Abstract
Background
Despite the increase in family medicine residency in Japan, there are only a few structured faculty development (FD) programs. The objective of this project was to construct a consensus on core competencies of faculty to develop a faculty development curriculum in a Japanese family medicine context.
Methods
In 2015, a private FD initiative in the Mie University initiated a curriculum development in collaboration with FD fellowship at the University of Pittsburgh. A literature review and subsequent Delphi process were conducted for core competency development. Based on the core competency list, we designed and implemented a 2‐year part‐time FD curriculum from 2016. A course evaluation using pre‐post confidence level was held during March 2017.
Results
Twenty‐eight objectives were defined in five core domains: 1) care management/family medicine principle, 2) leadership/professional development, 3) administrative/management, 4) teaching, and 5) research/scholarly activity.
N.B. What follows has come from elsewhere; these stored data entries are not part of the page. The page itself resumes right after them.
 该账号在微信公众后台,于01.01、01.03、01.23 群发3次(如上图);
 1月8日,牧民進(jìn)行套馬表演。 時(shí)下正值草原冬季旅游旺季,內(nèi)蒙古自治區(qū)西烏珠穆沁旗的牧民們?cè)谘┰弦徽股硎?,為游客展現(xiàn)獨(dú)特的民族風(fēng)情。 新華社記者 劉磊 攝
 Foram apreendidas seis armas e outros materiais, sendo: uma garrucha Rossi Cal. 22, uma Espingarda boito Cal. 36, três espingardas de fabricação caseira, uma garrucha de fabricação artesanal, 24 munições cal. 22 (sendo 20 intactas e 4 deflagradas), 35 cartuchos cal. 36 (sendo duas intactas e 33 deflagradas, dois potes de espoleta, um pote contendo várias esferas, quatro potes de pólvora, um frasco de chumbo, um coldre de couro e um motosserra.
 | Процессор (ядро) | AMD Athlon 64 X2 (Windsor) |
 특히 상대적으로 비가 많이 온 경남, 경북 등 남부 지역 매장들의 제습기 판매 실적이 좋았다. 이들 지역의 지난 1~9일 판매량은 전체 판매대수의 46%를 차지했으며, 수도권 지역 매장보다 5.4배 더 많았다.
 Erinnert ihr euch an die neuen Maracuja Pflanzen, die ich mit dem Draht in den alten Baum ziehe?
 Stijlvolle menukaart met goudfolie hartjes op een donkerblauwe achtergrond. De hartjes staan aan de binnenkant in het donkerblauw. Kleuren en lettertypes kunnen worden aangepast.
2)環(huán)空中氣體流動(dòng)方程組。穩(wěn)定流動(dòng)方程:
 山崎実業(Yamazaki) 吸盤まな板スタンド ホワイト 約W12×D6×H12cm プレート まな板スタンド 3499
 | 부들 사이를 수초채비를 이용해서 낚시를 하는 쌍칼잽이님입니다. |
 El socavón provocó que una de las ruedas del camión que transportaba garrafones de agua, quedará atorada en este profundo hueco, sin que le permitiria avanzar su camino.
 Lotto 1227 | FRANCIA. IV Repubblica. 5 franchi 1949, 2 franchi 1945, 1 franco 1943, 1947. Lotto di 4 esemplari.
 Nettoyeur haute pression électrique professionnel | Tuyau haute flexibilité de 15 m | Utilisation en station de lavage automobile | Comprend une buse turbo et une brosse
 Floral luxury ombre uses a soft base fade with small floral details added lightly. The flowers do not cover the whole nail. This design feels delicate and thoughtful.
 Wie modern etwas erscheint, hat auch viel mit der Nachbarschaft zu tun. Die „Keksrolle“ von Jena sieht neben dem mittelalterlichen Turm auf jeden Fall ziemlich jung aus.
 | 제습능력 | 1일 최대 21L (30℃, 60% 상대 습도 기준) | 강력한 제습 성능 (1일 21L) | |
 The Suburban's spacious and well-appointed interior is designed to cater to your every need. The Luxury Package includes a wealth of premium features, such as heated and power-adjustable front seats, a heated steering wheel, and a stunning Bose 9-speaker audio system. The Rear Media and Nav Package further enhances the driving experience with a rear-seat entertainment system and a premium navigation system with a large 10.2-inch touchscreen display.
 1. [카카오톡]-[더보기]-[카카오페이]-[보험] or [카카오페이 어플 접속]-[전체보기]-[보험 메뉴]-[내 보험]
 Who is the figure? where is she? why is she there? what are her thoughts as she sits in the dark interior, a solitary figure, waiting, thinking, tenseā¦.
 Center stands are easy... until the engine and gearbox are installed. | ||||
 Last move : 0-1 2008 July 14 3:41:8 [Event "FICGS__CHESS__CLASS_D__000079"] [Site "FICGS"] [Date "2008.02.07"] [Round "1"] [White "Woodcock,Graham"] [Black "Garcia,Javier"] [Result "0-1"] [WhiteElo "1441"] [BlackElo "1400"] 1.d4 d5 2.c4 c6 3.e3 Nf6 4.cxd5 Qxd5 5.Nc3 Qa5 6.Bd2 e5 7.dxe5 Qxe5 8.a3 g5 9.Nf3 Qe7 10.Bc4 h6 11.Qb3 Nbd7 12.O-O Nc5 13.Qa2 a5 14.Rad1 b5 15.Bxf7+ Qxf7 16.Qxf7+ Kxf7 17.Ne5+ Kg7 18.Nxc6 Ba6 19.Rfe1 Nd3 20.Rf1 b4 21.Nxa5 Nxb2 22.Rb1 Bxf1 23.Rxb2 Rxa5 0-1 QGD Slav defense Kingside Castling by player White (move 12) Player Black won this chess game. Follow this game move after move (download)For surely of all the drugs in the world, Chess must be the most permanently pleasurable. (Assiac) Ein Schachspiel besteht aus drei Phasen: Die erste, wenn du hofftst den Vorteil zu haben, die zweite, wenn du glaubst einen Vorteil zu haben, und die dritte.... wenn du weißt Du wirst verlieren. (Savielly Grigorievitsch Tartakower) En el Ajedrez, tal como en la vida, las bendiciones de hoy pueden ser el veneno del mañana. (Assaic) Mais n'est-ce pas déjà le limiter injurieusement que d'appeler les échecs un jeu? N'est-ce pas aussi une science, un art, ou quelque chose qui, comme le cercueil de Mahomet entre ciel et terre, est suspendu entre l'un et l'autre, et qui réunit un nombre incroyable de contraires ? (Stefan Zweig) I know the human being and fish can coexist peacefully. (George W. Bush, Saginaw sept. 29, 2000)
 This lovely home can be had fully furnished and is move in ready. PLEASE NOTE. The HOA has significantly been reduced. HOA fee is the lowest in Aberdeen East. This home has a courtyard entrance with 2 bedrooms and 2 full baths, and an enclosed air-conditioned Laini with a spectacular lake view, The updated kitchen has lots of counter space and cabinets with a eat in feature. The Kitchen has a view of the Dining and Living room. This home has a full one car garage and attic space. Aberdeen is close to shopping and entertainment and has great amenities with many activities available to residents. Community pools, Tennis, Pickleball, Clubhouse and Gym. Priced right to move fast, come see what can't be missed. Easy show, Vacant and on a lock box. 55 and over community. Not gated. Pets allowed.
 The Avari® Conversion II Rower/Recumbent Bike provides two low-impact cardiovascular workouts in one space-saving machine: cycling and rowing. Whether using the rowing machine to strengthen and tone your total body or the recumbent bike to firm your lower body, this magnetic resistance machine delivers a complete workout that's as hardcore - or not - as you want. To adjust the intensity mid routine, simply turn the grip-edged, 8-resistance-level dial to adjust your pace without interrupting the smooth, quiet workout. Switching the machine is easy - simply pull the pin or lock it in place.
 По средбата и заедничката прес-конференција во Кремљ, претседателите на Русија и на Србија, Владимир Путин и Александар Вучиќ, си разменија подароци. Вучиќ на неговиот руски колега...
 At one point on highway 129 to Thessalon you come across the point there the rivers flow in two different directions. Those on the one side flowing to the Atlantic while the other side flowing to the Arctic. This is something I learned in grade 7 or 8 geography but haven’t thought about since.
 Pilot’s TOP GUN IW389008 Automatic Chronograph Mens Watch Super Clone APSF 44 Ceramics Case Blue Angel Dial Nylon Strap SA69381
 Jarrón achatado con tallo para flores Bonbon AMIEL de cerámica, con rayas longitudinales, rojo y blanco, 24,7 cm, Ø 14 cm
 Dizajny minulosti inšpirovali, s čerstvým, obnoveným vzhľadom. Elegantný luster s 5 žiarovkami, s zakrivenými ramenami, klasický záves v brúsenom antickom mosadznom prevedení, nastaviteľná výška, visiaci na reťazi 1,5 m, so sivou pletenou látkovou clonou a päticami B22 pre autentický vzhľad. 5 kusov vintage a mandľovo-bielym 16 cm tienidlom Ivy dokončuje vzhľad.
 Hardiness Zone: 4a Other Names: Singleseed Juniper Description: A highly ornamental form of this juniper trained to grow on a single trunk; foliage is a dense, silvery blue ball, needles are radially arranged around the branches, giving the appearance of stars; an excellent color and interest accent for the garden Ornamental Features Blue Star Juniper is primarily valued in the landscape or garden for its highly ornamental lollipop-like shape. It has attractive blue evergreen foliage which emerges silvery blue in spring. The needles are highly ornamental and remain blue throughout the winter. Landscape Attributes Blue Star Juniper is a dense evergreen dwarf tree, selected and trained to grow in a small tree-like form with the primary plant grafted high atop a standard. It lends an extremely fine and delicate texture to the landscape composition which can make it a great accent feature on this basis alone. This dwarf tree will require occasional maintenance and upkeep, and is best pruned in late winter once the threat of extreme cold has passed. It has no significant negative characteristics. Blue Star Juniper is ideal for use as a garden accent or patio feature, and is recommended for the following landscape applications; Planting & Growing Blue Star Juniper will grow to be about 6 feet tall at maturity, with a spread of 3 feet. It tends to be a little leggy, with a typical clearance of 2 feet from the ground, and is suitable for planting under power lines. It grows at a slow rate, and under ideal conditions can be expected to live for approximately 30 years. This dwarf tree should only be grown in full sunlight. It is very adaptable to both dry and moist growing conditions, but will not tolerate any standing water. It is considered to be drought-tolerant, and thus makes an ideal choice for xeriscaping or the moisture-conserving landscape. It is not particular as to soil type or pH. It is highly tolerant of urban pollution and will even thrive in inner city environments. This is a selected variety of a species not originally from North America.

A pre‐post survey at the end of an academic year revealed a significant increase in learner confidence for “care management/family medicine principle” (P = .03), “teaching” (P < .01), and “research/scholarly activity” (P < .01), as well as the total score (P = .03).
Conclusions
A family medicine FD curriculum based on a faculty core competency list was developed by consensus in a Japanese family medicine context. The core competency was strongly context‐oriented, and the relevance of the FD topics and opportunities to apply to the participants' current positions may be inevitable for learner engagement. Further curriculum refinements will be required to see whether the curriculum could be used for faculty development in other family medicine residencies.
Keywords: core competencies, curriculum development, faculty development, family medicine, residency training
1. BACKGROUND
Recent innovations in primary care systems have formulated strong social infrastructures with economic benefits through its potential to improve health outcomes and health system efficiency. However, there is a disparity among nations in the quality of primary care and its training systems.1 Japan is one of these nations where formal primary care training, and board certification, has been slow to develop. The Japanese Academy of Family Medicine (JAFM) implemented a 3‐year family medicine residency to train board‐certified family physicians in 2006. Since then, the numbers of family medicine residencies and board‐certified family physicians have been increasing. In addition, according to a cross‐sectional survey conducted at 17 Japanese medical schools in 2014, the top three specialty choices among final‐year medical students were internal medicine, general practice including family medicine, and pediatrics.2
Along with the recent increase in the number of family medicine residency programs, there has been an increase in demand for nurturing a high‐quality family medicine faculty. It is well accepted that systematic and continuous faculty development (FD) is necessary to nurture a high‐quality faculty, based on the success of family medicine FD activities especially in the United States, Canada, and the United Kingdom since the late 1970s.3, 4 Although the Japan Primary Care Association (JPCA) has been offering faculty development for educators, most are sporadic workshops and there is a need for more structured longitudinal FD programs nationwide. In addition, given the accumulating evidence for the competency‐based curriculum in medical education,5, 6, 7, 8, 9 a core competency list, specific for faculty development, is vital for future FD curriculum development. Previous literature reveals a few different definitions of faculty competencies. For example, Bland et al developed 24 core competencies under five domains: education, administration, research, written communication, and professional academic skills.7 More recently, Harris et al published the result of their longitudinal curriculum development in 2010, which summarized 53 core competencies in seven domains: leadership, administration, teaching, research, medical informatics, care management, and multiculturalism.8 However, assuming that the core faculty competency varies across different settings, there was a need for a sound faculty competency list specific for the context of Japanese family medicine, to facilitate the development of family medicine FD curriculums.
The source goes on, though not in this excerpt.